## TASK INSTRUCTIONS
Show all lines from the material that carry the word "with".

## SUPPLIED RECORDS
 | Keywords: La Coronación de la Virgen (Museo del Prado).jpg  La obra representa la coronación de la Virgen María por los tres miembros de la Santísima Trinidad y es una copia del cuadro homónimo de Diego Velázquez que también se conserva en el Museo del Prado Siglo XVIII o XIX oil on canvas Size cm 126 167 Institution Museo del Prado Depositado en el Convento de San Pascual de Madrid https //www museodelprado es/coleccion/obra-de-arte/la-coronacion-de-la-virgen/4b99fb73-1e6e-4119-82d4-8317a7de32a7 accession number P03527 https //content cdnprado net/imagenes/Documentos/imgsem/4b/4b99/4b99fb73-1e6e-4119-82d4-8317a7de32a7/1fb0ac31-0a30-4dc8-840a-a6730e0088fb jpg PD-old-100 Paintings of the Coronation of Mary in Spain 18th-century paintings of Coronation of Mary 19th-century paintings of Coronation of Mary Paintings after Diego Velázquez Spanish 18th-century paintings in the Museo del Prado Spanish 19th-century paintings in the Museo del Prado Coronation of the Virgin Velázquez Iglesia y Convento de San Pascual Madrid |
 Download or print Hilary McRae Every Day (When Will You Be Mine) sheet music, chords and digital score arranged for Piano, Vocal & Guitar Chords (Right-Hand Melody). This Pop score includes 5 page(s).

--

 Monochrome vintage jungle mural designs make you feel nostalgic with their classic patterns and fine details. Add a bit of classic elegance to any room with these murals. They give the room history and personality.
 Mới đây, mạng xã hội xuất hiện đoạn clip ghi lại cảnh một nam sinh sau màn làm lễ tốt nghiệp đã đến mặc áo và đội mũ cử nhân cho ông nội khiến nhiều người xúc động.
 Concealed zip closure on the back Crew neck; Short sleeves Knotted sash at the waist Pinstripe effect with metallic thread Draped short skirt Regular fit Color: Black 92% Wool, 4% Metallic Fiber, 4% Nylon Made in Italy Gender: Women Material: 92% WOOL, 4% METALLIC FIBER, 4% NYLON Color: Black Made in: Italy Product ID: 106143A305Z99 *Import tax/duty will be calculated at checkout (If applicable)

## THE COMPLETED TASK
 Monochrome vintage jungle mural designs make you feel nostalgic with their classic patterns and fine details. Add a bit of classic elegance to any room with these murals. They give the room history and personality.
 Concealed zip closure on the back Crew neck; Short sleeves Knotted sash at the waist Pinstripe effect with metallic thread Draped short skirt Regular fit Color: Black 92% Wool, 4% Metallic Fiber, 4% Nylon Made in Italy Gender: Women Material: 92% WOOL, 4% METALLIC FIBER, 4% NYLON Color: Black Made in: Italy Product ID: 106143A305Z99 *Import tax/duty will be calculated at checkout (If applicable)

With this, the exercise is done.